How reliable are PCR tests?Lanka’s chief Epidemiologist Dr. Sudath Samaraweera declared this week that a person subjected to a PCR test which turns out to be negative must nevertheless undergo a two week quarantine period to make it positively certain he is free of COVID. And then take another PCR test to make it even more certain.Dr Samaraweera said on Tuesday, “We conduct PCR tests on first and close contacts of covid-19 patients and for randomly selected people. Subjecting to a PCR test alone means that there is a possibility of he or she being infected by the virus.  So, it is mandatory that those who are subjected to PCR tests, to undergo a two-week quarantine process, even if the PCR test results are negative. Another PCR test should be conducted after the 14-day quarantine period.”Hang on. Though there is nothing to beat being doubly sure, doesn’t the Chief Epidemiologist’s statement cast some seeds of doubt on the efficacy of this highly vaunted, highly priced, highly discomforting  and somewhat distressing method of COVID testing? That science has not only been unable to deliver a vaccine but hasn’t still been able to even produce a fool proof test to identify the coronavirus presence in the human body?

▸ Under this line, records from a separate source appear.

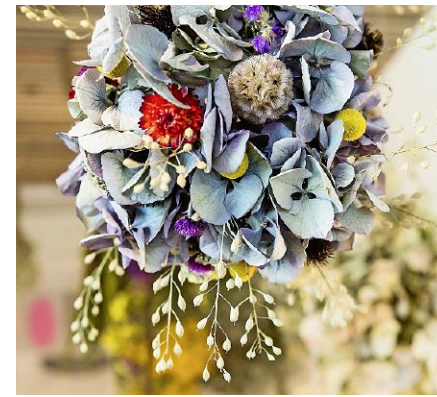
Blumen aus der Blumerei.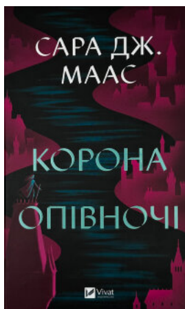
Корона опівночі. Книга 2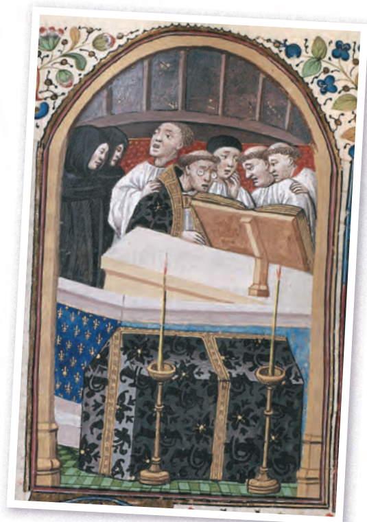
Неизвестный мастер. Часослов. Миниатюра. Около 1450 г.

Первыми исполнителями христианских песнопений были монахи. Сборники музыкальных произведений для них украшали изящные миниатюры. Религиозные песнопения составляют золотой фонд шедевров музыкального искусства. Знаменитая «Аве Мария» Франца Шуберта или трагический «Реквием» Вольфганга Амадея Моцарта заставляют замирать сердца многих поколений слушателей.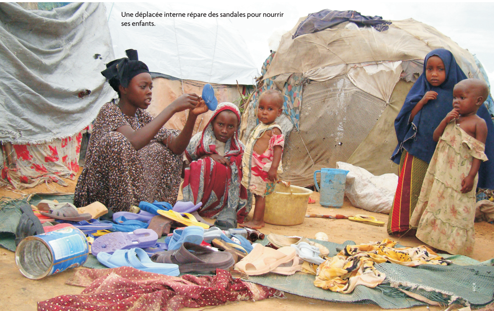
Une déplacée interne répare des sandales pour nourrir ses enfants.

Doctors and politicians the world over shout themselves hoarse crying ‘testing, testing and more testing’ giving the impression that the PCR can positively identify those not infected with the coronavirus in one sure shot, ruling out the need for any further tests; and thus can separate the infected chaff from the unspoilt wheat.

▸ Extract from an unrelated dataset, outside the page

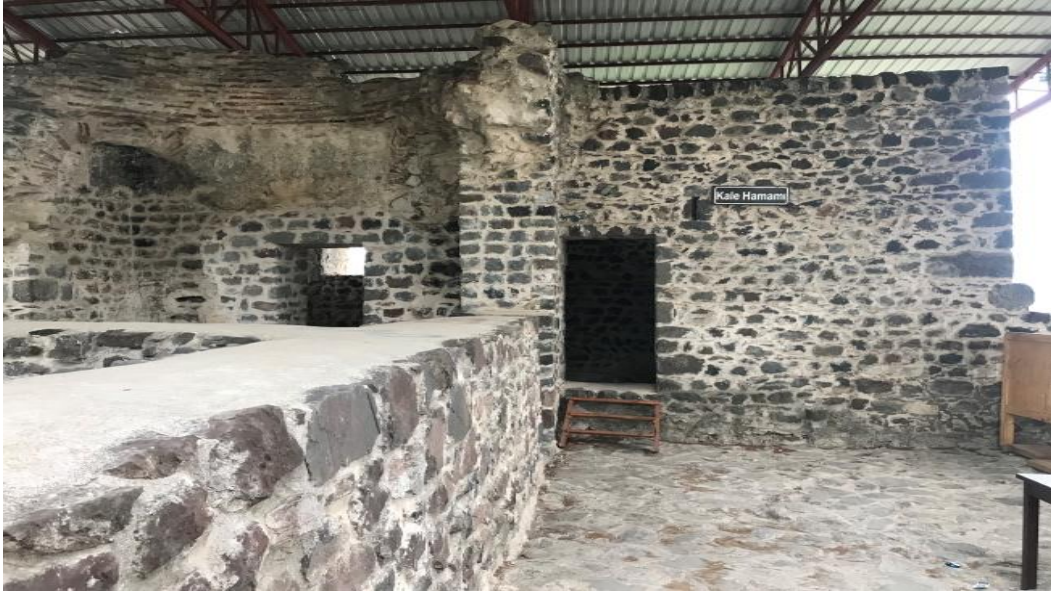
Resim 5: Kale Hamamı

After all, having a tube stuck up one’s nasal cavity or shoved down one’s throat is not everyone’s cup of tea. One generally only submits to the invasive PCR test voluntarily in the belief, and with the assurance, that its result will be conclusive and will lay at rest any further nagging doubts.

And its high price certainly entitles one to assume that its results can stand the test of certainty. A PCR test done at a private hospital costs approximately Rs. 9,000. Surely an individual does not splash out 9,000 bucks or more for a dud hit or miss test which requires two weeks quarantine thereafter just to be on the safe side?

And, as far as the state is concerned, President Rajapaksa revealed two weeks ago that the Government spends over Rs. 60 million a day on PCR tests, which comes to nearly 2 billion rupees a month. Late October, a hi-tech PCR testing machine installed at the Base Hospital at Mulleriyawa broke down prompting the Chinese Embassy to fly in Chinese engineers to repair it. The three-day delay caused a backlog of 27,000 cases according to the then Health Ministry spokesman Dr. Jayaruwan Bandara who said, “The machine is one out of 25 PCR testing machines in the country.”

Surely the Government has not installed a fleet of PCR testing machinery and does not conduct Rs 2 billion worth of PCR tests per month only to learn from its own Chief Epidemiologist this week that even if the result of the PCR test proved negative, it will be better to be safe than sorry by sending those tested into hibernation during the 14-day incubation period of the coronavirus followed by another PCR shot when they awake.

Furthermore, with the introduction of the Antigen test on Wednesday, Dr. Samaraweera said: “If the Antigen test result becomes negative, a PCR test is carried out on such patients to reconfirm it.”

So is the new testing procedure to be as follows: First Antigen test. If negative PCR test to confirm it. If PCR confirms it by showing negative, two week quarantine. At quarantine end if the person is negative, then another PCR test to see if the person is negative.

The nation’s Chief Epidemiologist Dr. Samaraweera who, incidentally, is doing a marvelous job keeping the people abreast of the pandemic’s latest, should clarify the true nature of the PCR test. Whether its result is dead on or hit or miss? Or simply flukes? Will he, please oblige? If only to dispel the fears of the tourist industry which has nailed its hopes to the PCR test as the entry visa for foreigners to taste paradise in the Lankan sunshine without quarantine. And, of course, to clear the air of corona confusion for the rest?